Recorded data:
------------------------------------------------------------------------

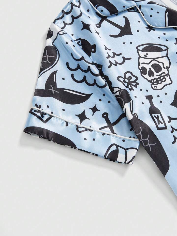 Gothic Dark Summer Mermaid Skull & Star Wave Print Shirt Style Cardigan & Shorts Satin Pajama Set
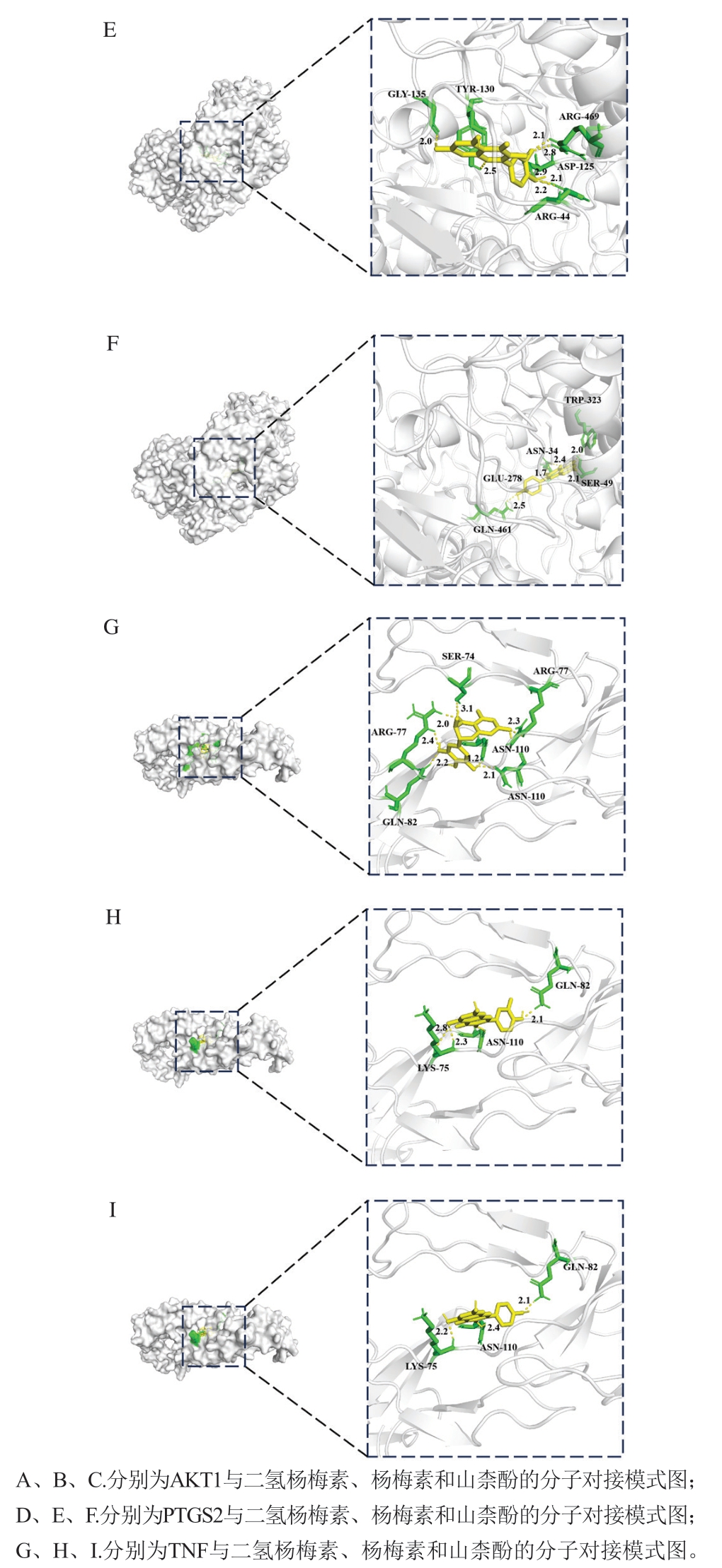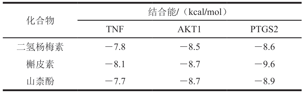 化合物结合能/(kcal/mol)TNFAKT1PTGS2二氢杨梅素—7.8—8.5—8.6槲皮素—8.1—8.7—9.6山柰酚—7.7—8.7—8.9
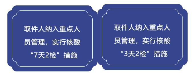 提示:取件人取件时应正确佩戴口罩和一次性手套,减少与快递直接接触,全过程避免用手触摸口、眼、鼻。取件后落实核酸检测同时,加强自我健康监测。
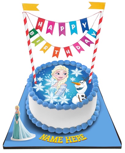 Disney Frozen Princess Cake With Happy Birthday Bunting &Topper
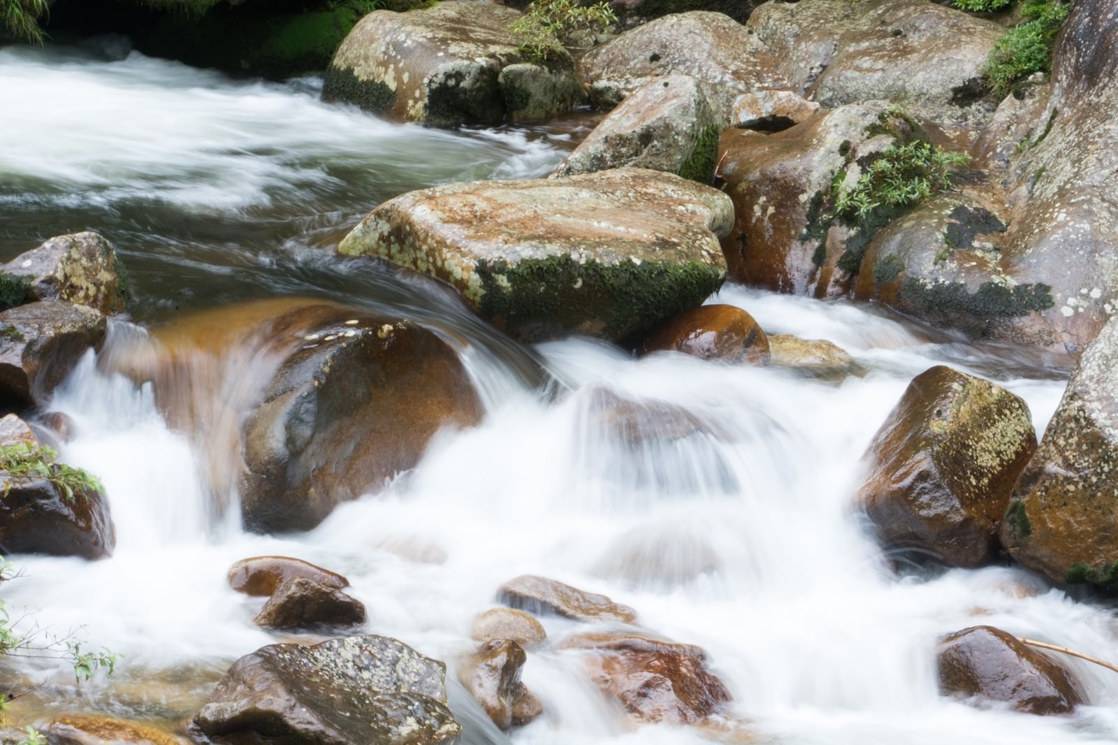 苔むした岩の間を白く流れる渓流の写真素材です。清流が岩をぬって流れ落ち、岩肌には緑の苔が広がっています。自然景観やアウトドア関連のコンテンツにおすすめです。

------------------------------------------------------------------------

Verbatim output of every entry above is required, though pictures are to be left out.

 Gothic Dark Summer Mermaid Skull & Star Wave Print Shirt Style Cardigan & Shorts Satin Pajama Set
 化合物结合能/(kcal/mol)TNFAKT1PTGS2二氢杨梅素—7.8—8.5—8.6槲皮素—8.1—8.7—9.6山柰酚—7.7—8.7—8.9
 提示:取件人取件时应正确佩戴口罩和一次性手套,减少与快递直接接触,全过程避免用手触摸口、眼、鼻。取件后落实核酸检测同时,加强自我健康监测。
 Disney Frozen Princess Cake With Happy Birthday Bunting &Topper
 苔むした岩の間を白く流れる渓流の写真素材です。清流が岩をぬって流れ落ち、岩肌には緑の苔が広がっています。自然景観やアウトドア関連のコンテンツにおすすめです。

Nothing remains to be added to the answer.